2006-04-10 Thread Tim Peters
[Phillip J. Eby]
 ...
 #0  0x401bbaa4 in _int_free () from /lib/libc.so.6
 #1  0x401baa3c in free () from /lib/libc.so.6
 #2  0x080a253e in builtin_raw_input (self=0x0, args=0x4050862c) at
 Python/bltinmodule.c:1759

 It appears the problem is an object/mem mismatch: both PyOS_Readline in
 pgenmain.c, and PyOS_StdioReadline use PyObject_MALLOC,

That wasn't true yesterday, but Neal changed it while you slept ;-). 
He changed it to worm around a different case of object/mem mismatch.

 but bltinmodule.c is freeing the pointer with PyMem_FREE.
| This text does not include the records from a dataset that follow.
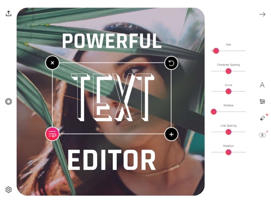 • Powerful text editing capabilities including text curving, opacity controls, and shadow.
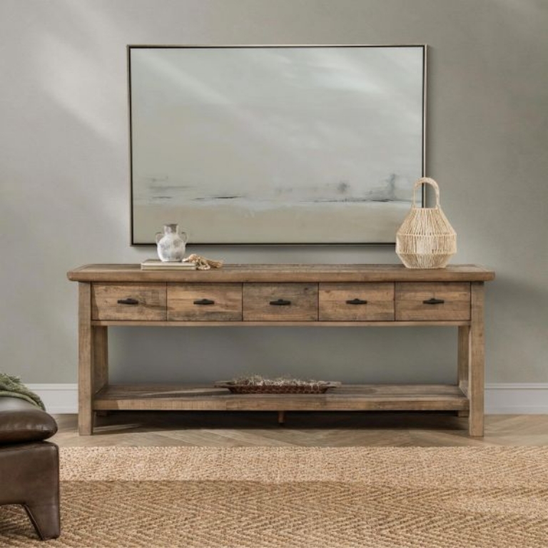 Born from the beauty of reclaimed pine, the Talladega Console Table tells a story of sustainability. Its weathered finish captures the charm of timeworn craftsmanship, while five spacious drawers and a lower shelf offer both function and style.
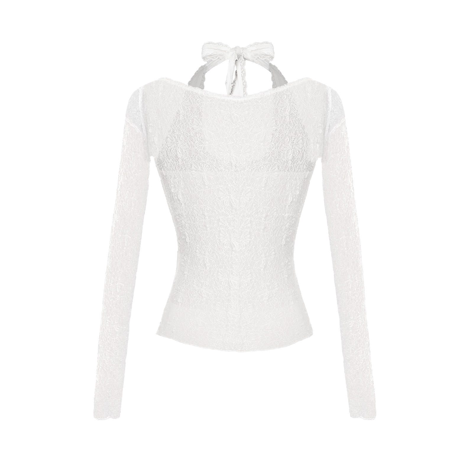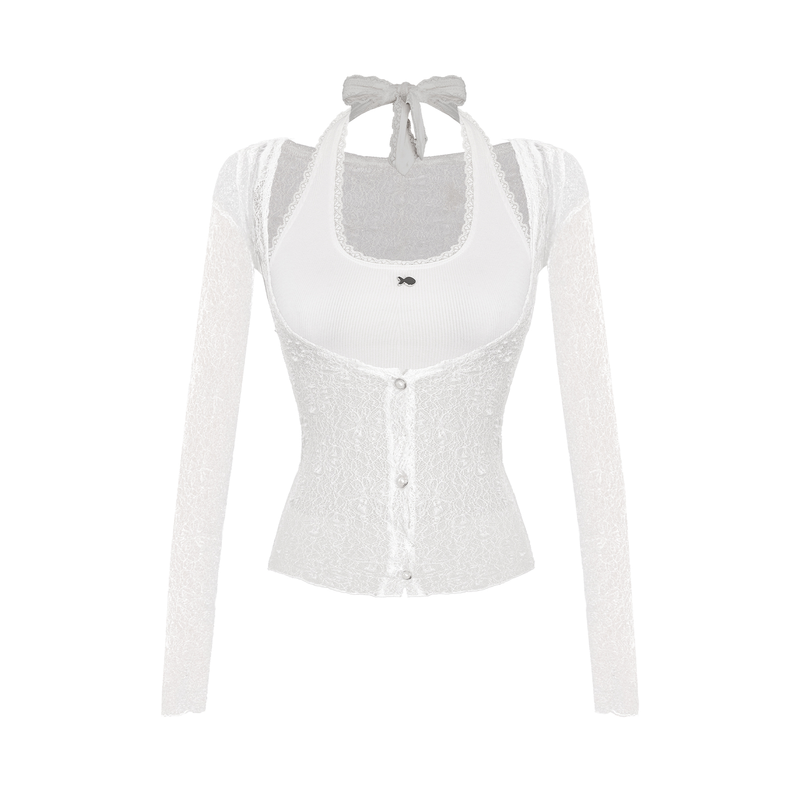 Áo cổ yếm bên trong, được thiết kế thắt dây nơ điệu đà và khoác ngoài là chiếc áo ren dài tay mềm mại, nhẹ nhàng ôm lấy vóc dáng của bé. Điểm nhấn làm nên sự tinh tế chính là những chiếc cúc ngọc trai được đính kết tỉ mỉ, thêm sự sang trọng, lãng mạn cho trang phục.

 Just to add to the confusion, by the way, the readline module dynamically
 sets PyOS_ReadlineFunctionPointer to call_readline, which does its
 allocation with PyMem_MALLOC...

 So does anybody know what the protocol should be for readline
 functions?  What about readline implementations that are in the field, so
 to speak?  (e.g. modules that use the readline hook to implement that
 functionality using something other than GNU readline).
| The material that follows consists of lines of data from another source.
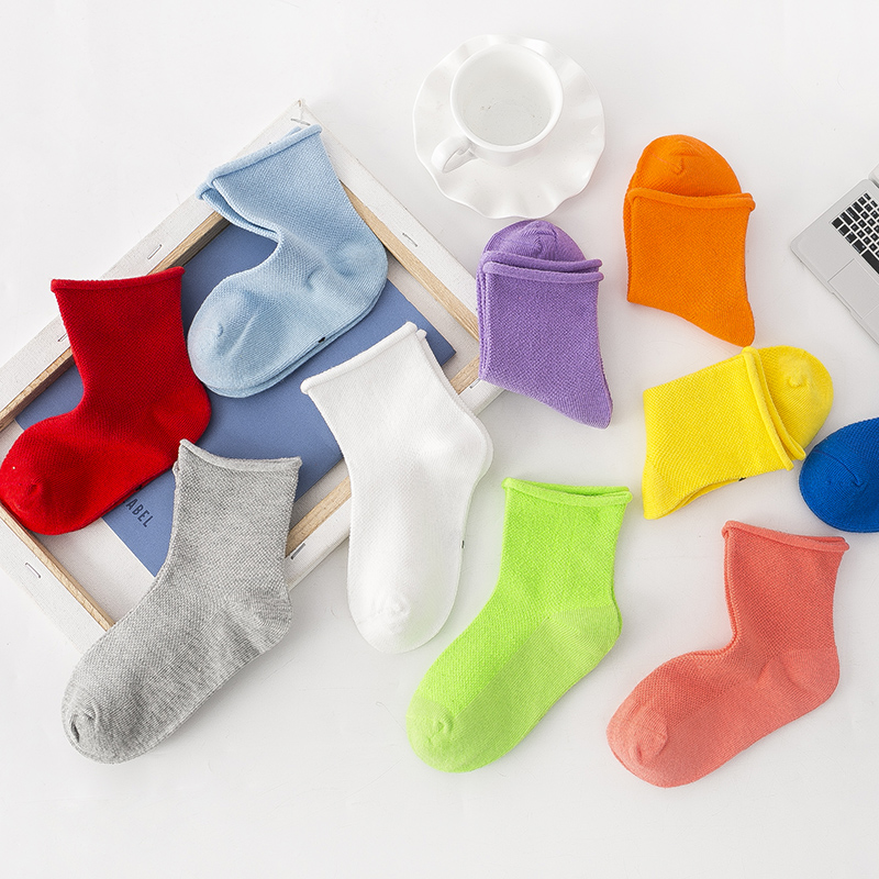 儿童袜子网眼夏季薄款男童女童袜纯棉短袜春秋夏天糖果色松口袜子
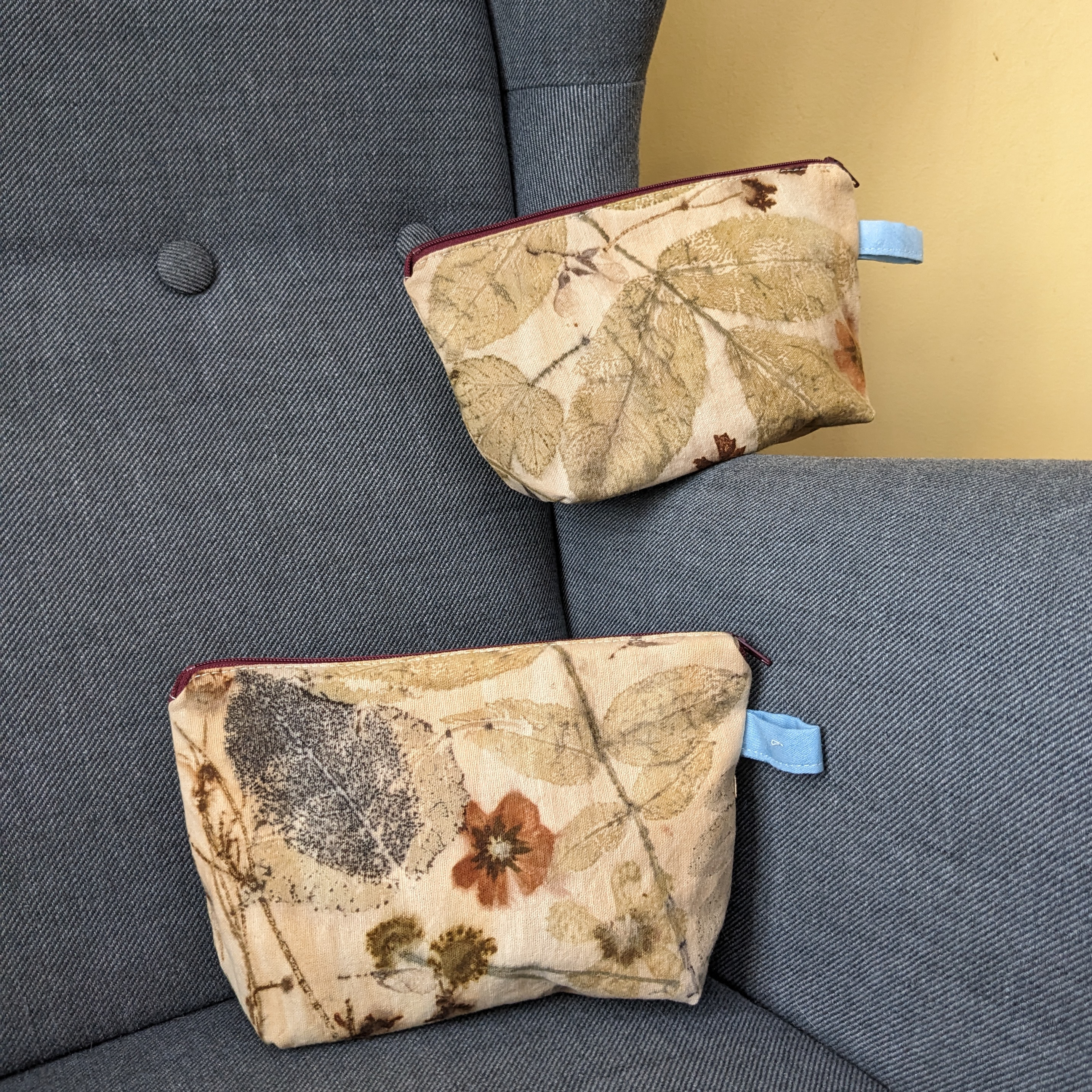 Eco-printed with homegrown flowers and locally foraged leaves. Please note that each pouch is unique and will not be exactly like the ones pictured.
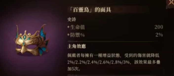 最后,要是你拥有坦克类角色,特别是类似火矮人这般善于给自己添加增益状态的坦克,百灵鸟的面具肯定会给你带来意想不到的惊喜。这件神器能够增加200点生命值以及2%的防御,并且它具备特殊效果:每当佩戴者获取一层增益状态,所承受的伤害就会降低。这无疑是一件极其适合坦克的神器,尤其是针对那些能够自我增益的角色而言,它能大幅提升你坦克的抗压能力,助力你在战斗中保持稳定,不被敌人轻易打败。
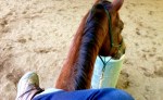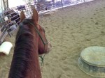 - Just trying to show that I’m on the horse and using one rein.
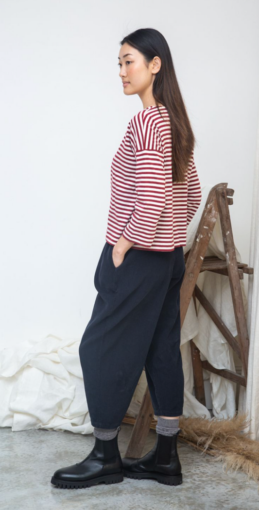 Beaumont Organic Leia-Sue Organic Cotton Stripe Jersey Top |Burgundy & Off White Stripe
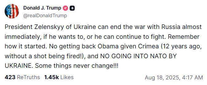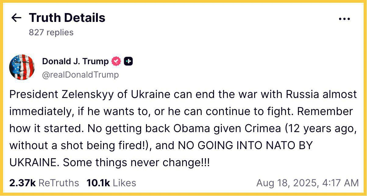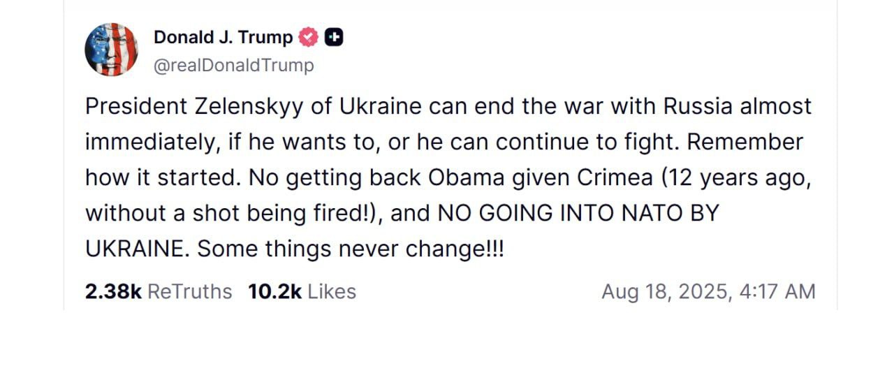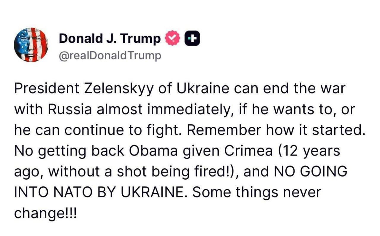 "No return of Crimea, which Obama gave away (12 years ago, without firing a shot!), and NO NATO membership for Ukraine. Some things never change!!!" Trump wrote on his own social network Truth Social.
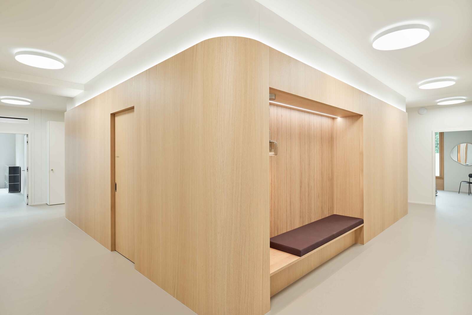 In allen Räumen wurde eine akustische Spanndecke in hellem Schlammton eingesetzt.

It's documented (after a fashion) at the declaration of
PyOS_ReadlineFunctionPointer.  Yesterday that read:


/* By initializing this function pointer, systems embedding Python can
   override the readline function.

   Note: Python expects in return a buffer allocated with PyMem_Malloc. */

char *(*PyOS_ReadlineFunctionPointer)(FILE *, FILE *, char *);


Overnight, PyMem_Malloc there changed to PyObject_Malloc.  It
didn't matter in practice before (2.5) because all PyXYZ_ABC ways to
spell free the memory resolved to PyObject_Free.  Now that PyMem_
and PyObject_ call different things, mismatches  are deadly.  Since
the only docs we had said PyMem_Malloc must be used for the readline
function, best to stick with that.  It's messy, though (there are a
lot of functions that think they're in charge of freeing the memory,
and the memory can originally come from a lot of places).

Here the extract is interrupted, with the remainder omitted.